Leave the pictures in the listing below aside and reproduce exactly the lines starting with the one with "Atina Turkuaz Eskitme" and going on through the one with "- Coupe bootcut", both ends included.

◆ The records:
++++++++++
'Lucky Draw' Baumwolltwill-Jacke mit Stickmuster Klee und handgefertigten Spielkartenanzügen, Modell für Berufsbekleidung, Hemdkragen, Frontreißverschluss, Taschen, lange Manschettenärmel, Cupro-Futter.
++++++++++
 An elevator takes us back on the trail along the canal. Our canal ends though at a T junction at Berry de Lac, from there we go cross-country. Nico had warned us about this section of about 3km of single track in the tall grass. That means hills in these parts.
++++++++++
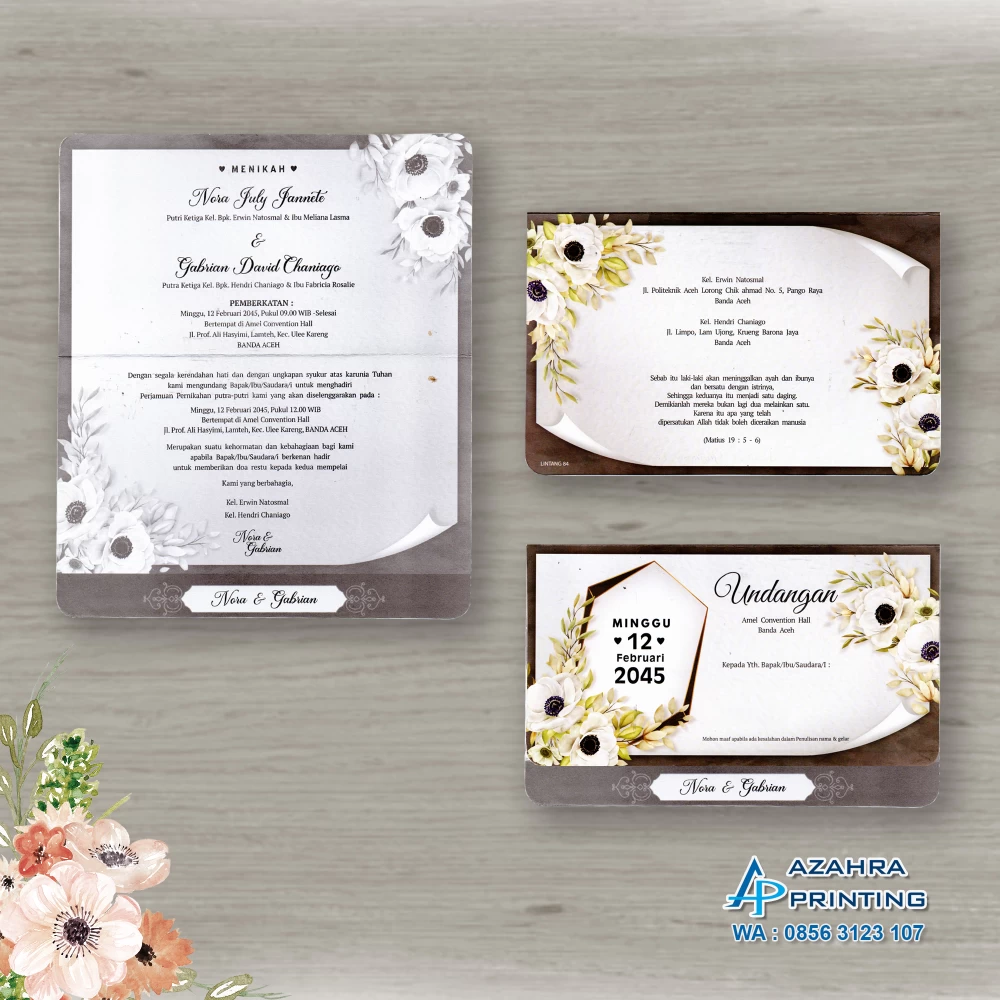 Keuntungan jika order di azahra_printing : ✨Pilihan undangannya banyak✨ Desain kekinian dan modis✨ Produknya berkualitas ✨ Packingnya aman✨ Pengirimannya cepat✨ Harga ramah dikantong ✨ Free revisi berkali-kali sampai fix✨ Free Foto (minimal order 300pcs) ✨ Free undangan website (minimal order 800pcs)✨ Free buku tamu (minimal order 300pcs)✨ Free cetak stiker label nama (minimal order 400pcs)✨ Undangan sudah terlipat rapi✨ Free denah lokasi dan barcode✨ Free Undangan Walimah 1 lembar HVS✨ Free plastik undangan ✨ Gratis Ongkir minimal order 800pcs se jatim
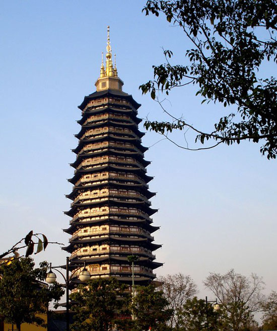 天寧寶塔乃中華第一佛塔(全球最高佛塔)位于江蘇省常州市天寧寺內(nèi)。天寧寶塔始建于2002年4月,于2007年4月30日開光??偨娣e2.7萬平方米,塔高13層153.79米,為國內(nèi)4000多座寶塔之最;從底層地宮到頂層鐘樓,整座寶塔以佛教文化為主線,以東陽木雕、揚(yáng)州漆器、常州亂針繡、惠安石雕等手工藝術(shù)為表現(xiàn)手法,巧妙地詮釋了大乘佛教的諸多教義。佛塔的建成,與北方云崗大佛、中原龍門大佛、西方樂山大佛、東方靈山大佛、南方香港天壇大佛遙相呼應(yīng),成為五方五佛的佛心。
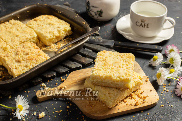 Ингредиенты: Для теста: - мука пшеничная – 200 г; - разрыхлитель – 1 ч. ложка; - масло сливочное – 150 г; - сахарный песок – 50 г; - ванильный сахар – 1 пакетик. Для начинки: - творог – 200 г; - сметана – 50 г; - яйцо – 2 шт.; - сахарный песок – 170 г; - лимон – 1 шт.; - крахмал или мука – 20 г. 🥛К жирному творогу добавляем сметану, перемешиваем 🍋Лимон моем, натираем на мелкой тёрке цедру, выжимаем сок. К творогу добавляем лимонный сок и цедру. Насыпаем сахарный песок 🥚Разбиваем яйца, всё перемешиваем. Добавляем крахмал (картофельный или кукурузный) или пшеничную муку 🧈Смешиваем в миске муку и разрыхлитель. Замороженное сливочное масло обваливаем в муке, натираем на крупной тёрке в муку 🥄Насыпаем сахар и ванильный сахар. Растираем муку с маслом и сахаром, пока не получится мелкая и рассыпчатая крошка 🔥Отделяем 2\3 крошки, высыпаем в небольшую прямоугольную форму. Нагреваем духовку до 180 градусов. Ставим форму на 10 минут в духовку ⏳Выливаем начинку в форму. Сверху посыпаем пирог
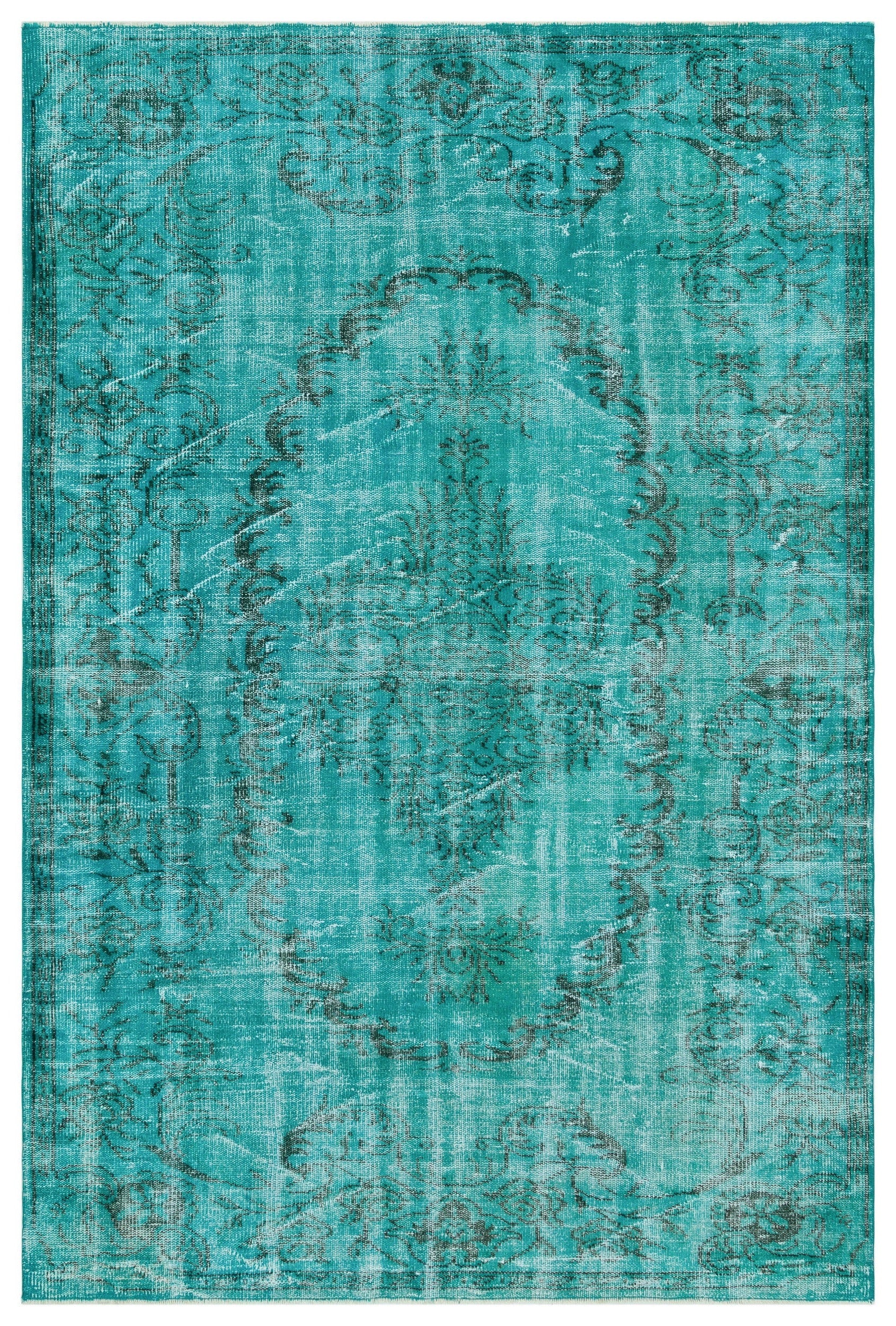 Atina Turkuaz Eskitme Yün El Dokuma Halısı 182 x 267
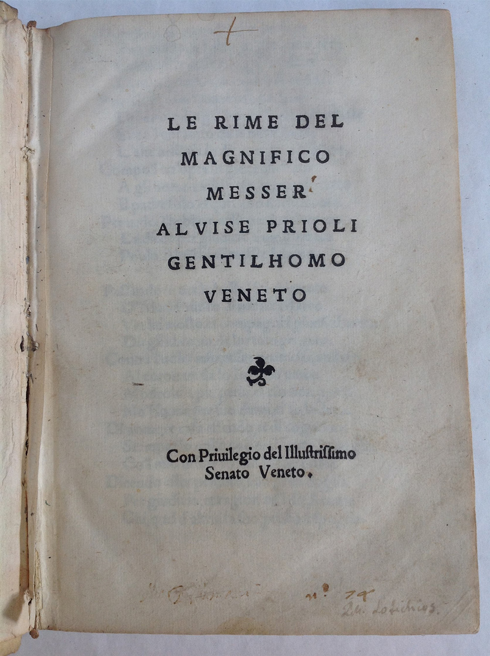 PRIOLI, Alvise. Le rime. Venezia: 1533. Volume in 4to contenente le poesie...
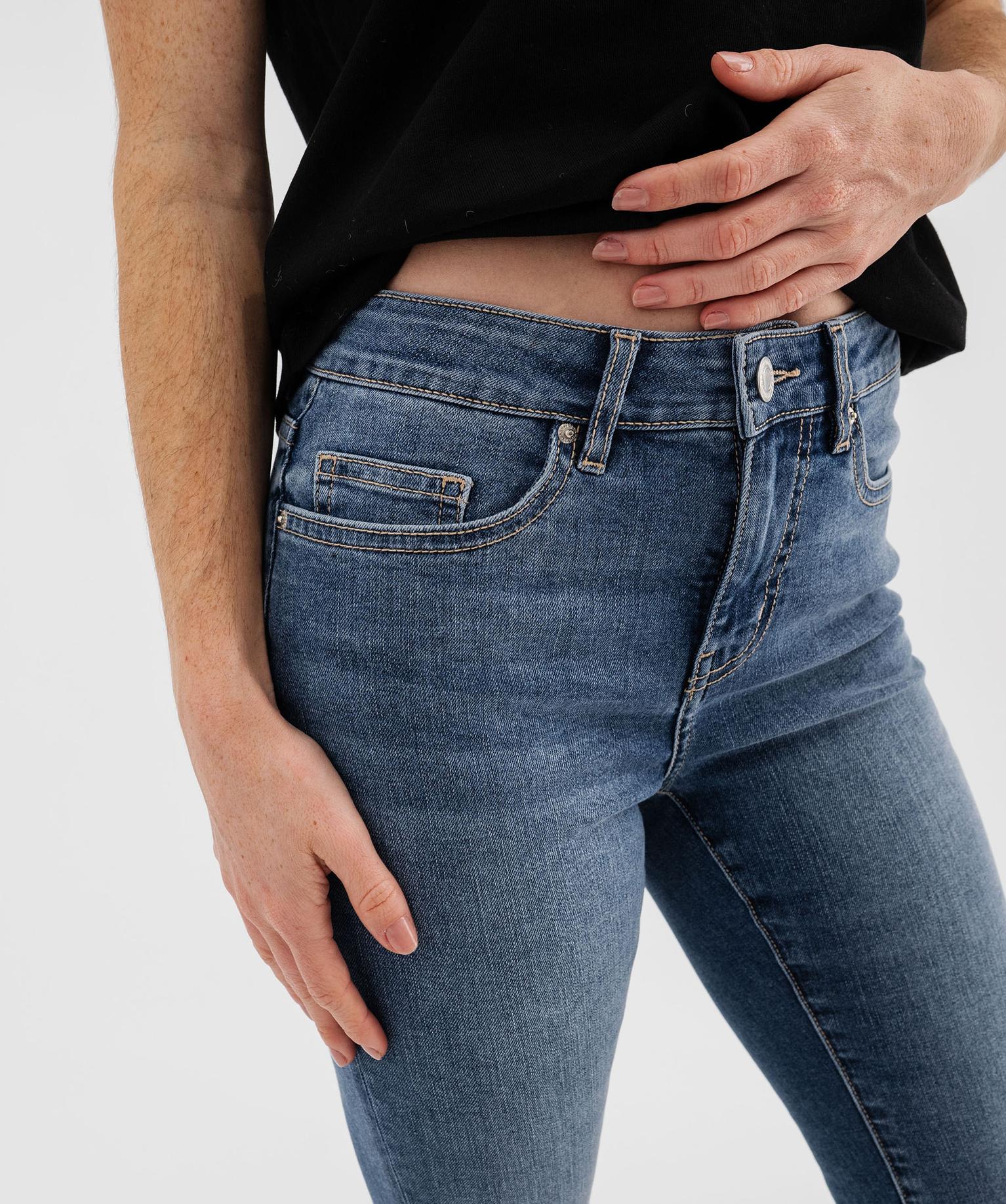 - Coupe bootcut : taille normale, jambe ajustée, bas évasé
++++++++++
◆ Result of this exercise:
 Atina Turkuaz Eskitme Yün El Dokuma Halısı 182 x 267
 PRIOLI, Alvise. Le rime. Venezia: 1533. Volume in 4to contenente le poesie...
 - Coupe bootcut : taille normale, jambe ajustée, bas évasé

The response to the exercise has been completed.